À bas les tricheurs !
Assez, c’est assez! Depuis l’affaire Ben Johnson, la consommation de stéroïdes fait l’objet d’une lutte acharnée dans les sports olympiques au Canada.
Chez les professionnels, aveuglés par leur soif insatiable d’argent, dirigeants et athlètes ont longtemps gardé les yeux fermés et la tête enfouie dans le sable.
Dieu merci, on constate un réveil, même s’il est timide. Dans le monde nébuleux du cyclisme et même au baseball, certains commencent à réagir. Il est plus que temps que les supposés dirigeants d’équipes sportives, professionnelles ou amateurs, sonnent la fin de la récréation.
Les stéroïdes anabolisants sont une version synthétique de la testostérone, l’hormone sexuelle mâle responsable de la croissance des os et des muscles longs et de caractéristiques masculines comme la pilosité faciale et la gravité de la voix. Le marché noir s’est approprié leur vente et si certains stéroïdes sont authentiques, la plupart sont contrefaits. Les effets physiques sont nombreux: maux de tête, saignements de nez, perte de cheveux, développement des seins, atrophie des testicules, dommages au foie et aux reins, hausse de la tension artérielle et du cholestérol, etc. Les stéroïdes affectent le cerveau et causent des maladies psychiatriques. Les femmes peuvent commencer à ressembler aux hommes : barbes croissantes, rupture de la voix, changement de cycle menstruel, etc.

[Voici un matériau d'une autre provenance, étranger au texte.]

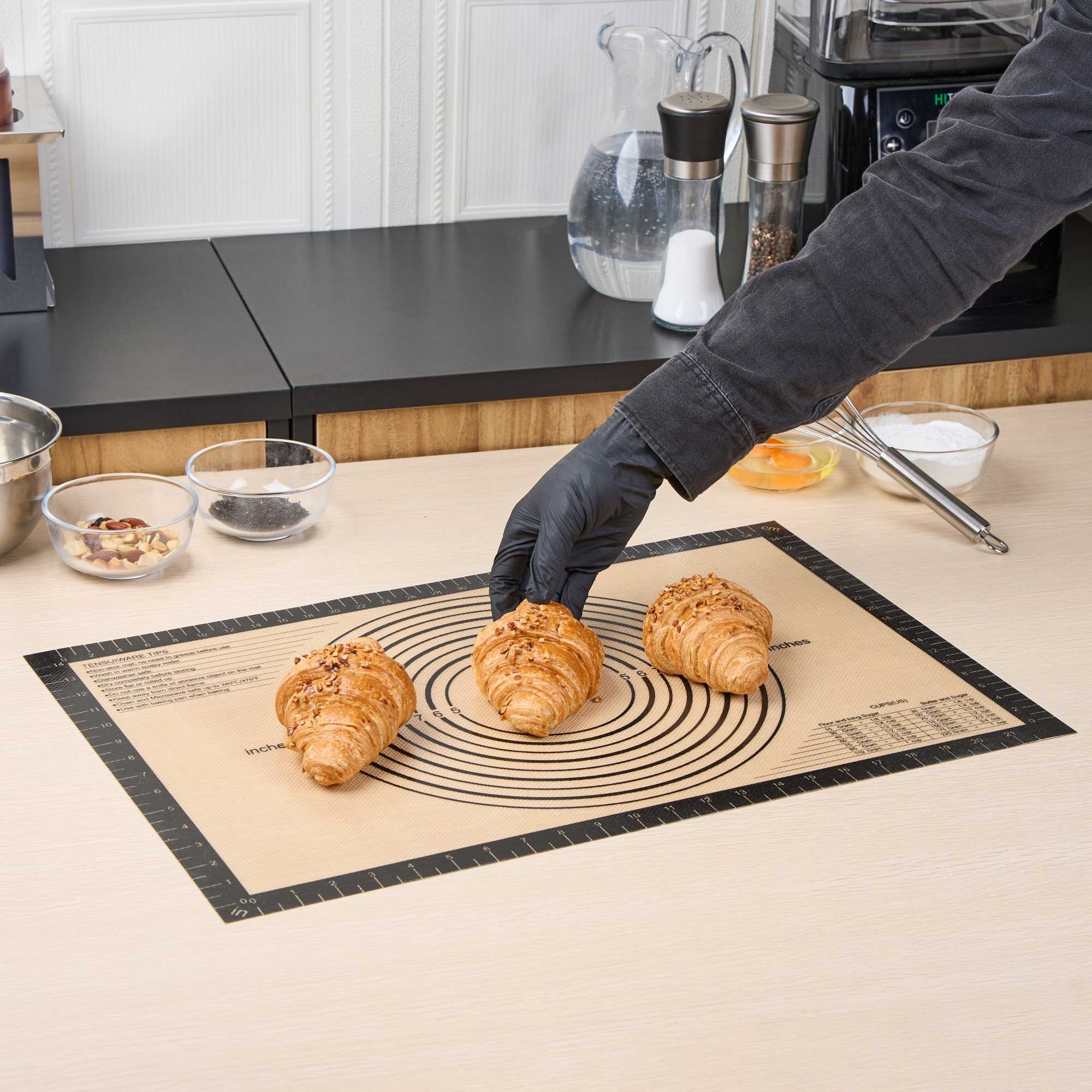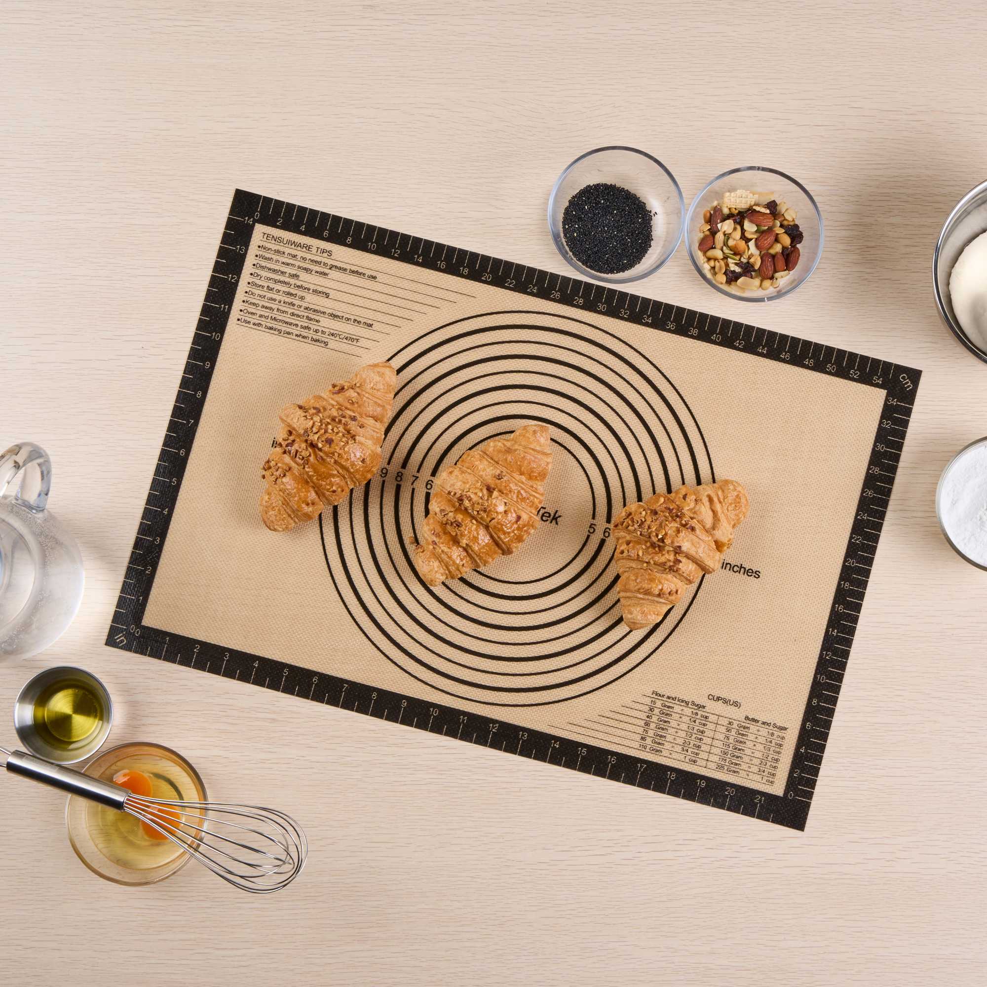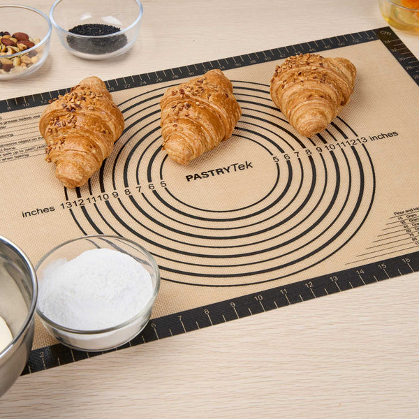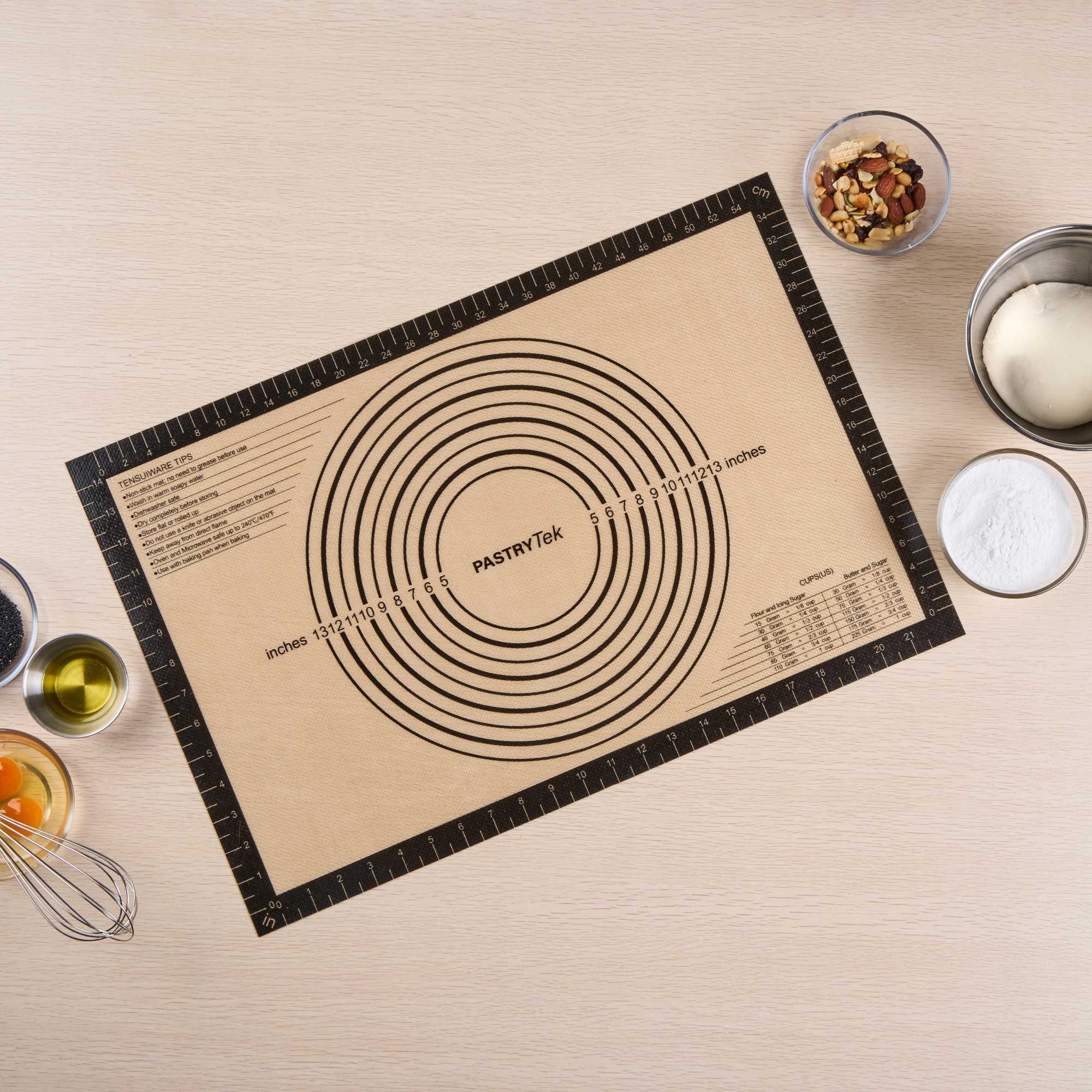 Streamline your pastry preparation with ease and precision. The Pastry Tek Non-Stick Silicone Baking Mat provides a reliable, non-stick surface that ensures fast, easy food release, making it ideal for busy commercial kitchens. Crafted from food-grade silicone, this mat withstands temperatures from -113 degrees Fahrenheit to 446 degrees Fahrenheit, ensuring safe oven use for versatile baking applications. Its anti-slip base maintains stability during prep work, while measurement guides printed on the mat simplify portioning and rolling precision, ensuring consistent results every time. As a reusable silicone liner, it reduces single-use waste, making it perfect for eco-conscious bakeries and pastry shops. Designed to fit seamlessly into your daily operations, this dishwasher-safe mat streamlines cleanup and reduces labor time after service. Upgrade your baking process with this silicone baking mat and experience enhanced efficiency in your kitchen. Each order includes 1 Pastry Tek Non-Stick Silicone Baking Mat.
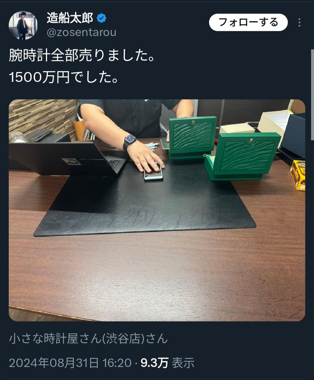 時計を売っぱらい7350万円確保、全額メガビッグへ
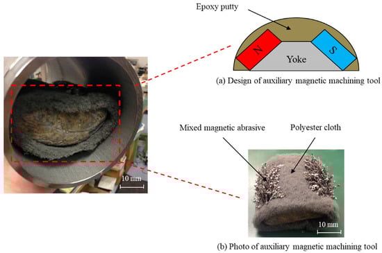 Based on the above-mentioned experimental setup, an auxiliary magnetic machining tool was designed and stuffed into the tube workpiece. The strength of the magnetic field can be improved in a closed magnetic field circuit. Figure 3a,b show the design and external view of the auxiliary magnetic machining tool. The auxiliary magnetic machining tool is composed of a pair of N-S permanent magnets, which are two Nd-Fe-B 380/80 (the minimum of coercivity was approximately 677 kA/m) permanent magnets with the measurements of 24 × 24 × 12 mm. The two Nd-Fe-B permanent magnets stick to a magnetic material yoke (SS400). The auxiliary magnetic machining tool looks similar to a stone with the magnetism from the outward appearance; thus, it is called a “magnetic stone”. Additionally, in order to prevent the edge of the auxiliary magnetic machining tool from directly hitting the internal surface of the tube workpiece, the magnetic stone was evenly wrapped with a thin layer of non-woven fabric (WA#3000). The non-woven fabric is not only used for polishing, but it also retains the mixed magnetic abrasive particles to adsorb on the surface of the magnetic machining tool.
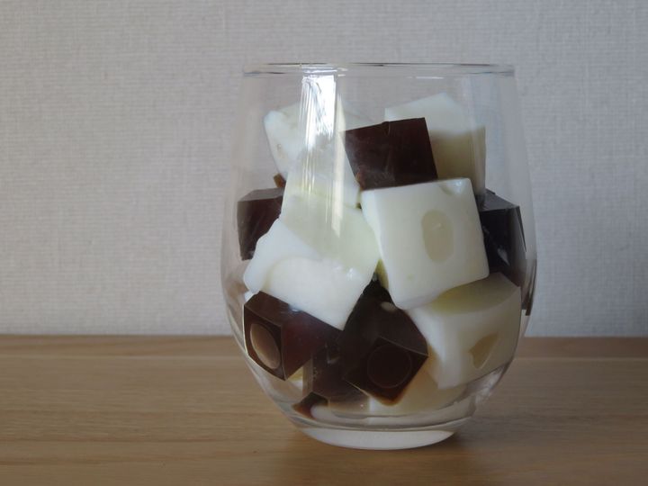 牛乳寒天とコーヒー寒天を組み合わせてつくったものです。
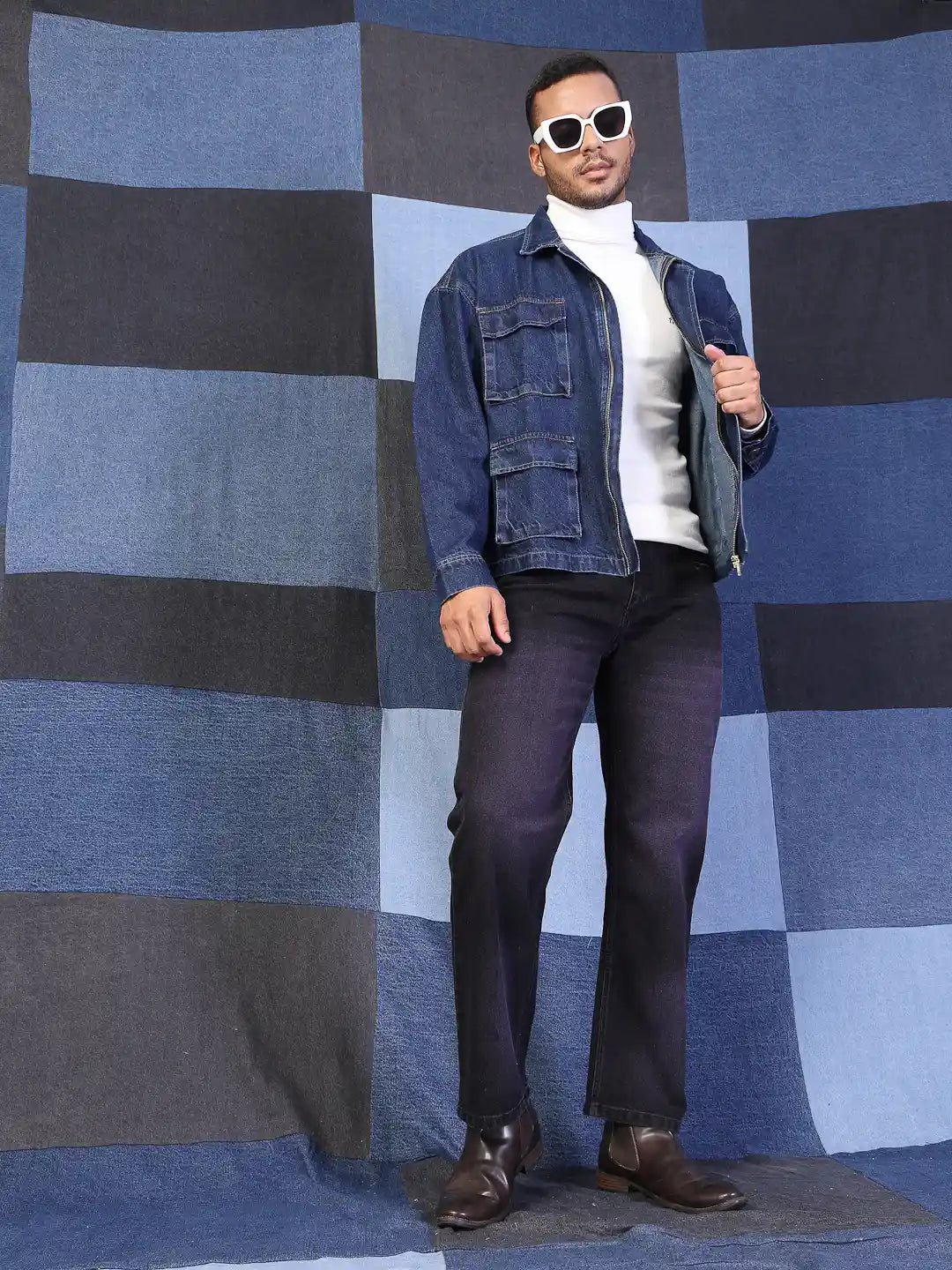 Vestido Modas Men Blue Denim Cargo Utility Oversized Jacket

Le phénomène prend de l’ampleur. Au baseball, deux tiers des Américains estiment que les joueurs ayant pris des stéroïdes devraient voir leurs noms retirés du Panthéon du baseball et du livre des records. Au cours des dernières saisons, certains ont frappé des circuits à un rythme d’enfer. On constate que la vraie raison de ces records était la «potion magique». Plusieurs sont plongés dans l’embarras.
Que penser de l’affaire Barry Bonds qui est sur le point d’égaler la marque de 755 circuits détenue par Hank Aaron ! Bonds fait l’objet d’enquêtes et plusieurs facteurs démontrent qu’il a utilisé des produits maudits. Une patate chaude pour le baseball majeur car 65% des Américains souhaitent que le record de Bonds ne soit jamais homologué. Qu’en est-il des joueurs de hockey et de football ? Sont-ils tous blancs comme neige ? J’en doute.
Le cyclisme génère des centaines de millions en profits chaque année. Admettre que la plupart des cyclistes se dopent serait remettre ce sport en question. Les adeptes de la pédale blâment le système. Le champion américain du Tour de France 2006, Floyd Landis, continue de nier l’emploi de produits dopants même s’il a échoué plusieurs tests de dépistage. Contrôlé positif à la testostérone synthétique, il pourrait devenir le premier gagnant du Tour de France déchu de son titre. Le clan Landis accuse le laboratoire français qui a effectué le test de dépistage d’avoir commis des erreurs, d’avoir mal étiqueté ses échantillons d’urine et de les avoir manipulés. Il multiplie les recours pour endiguer l’affaire et toutes les raisons sont bonnes pour tenter de sauver la face.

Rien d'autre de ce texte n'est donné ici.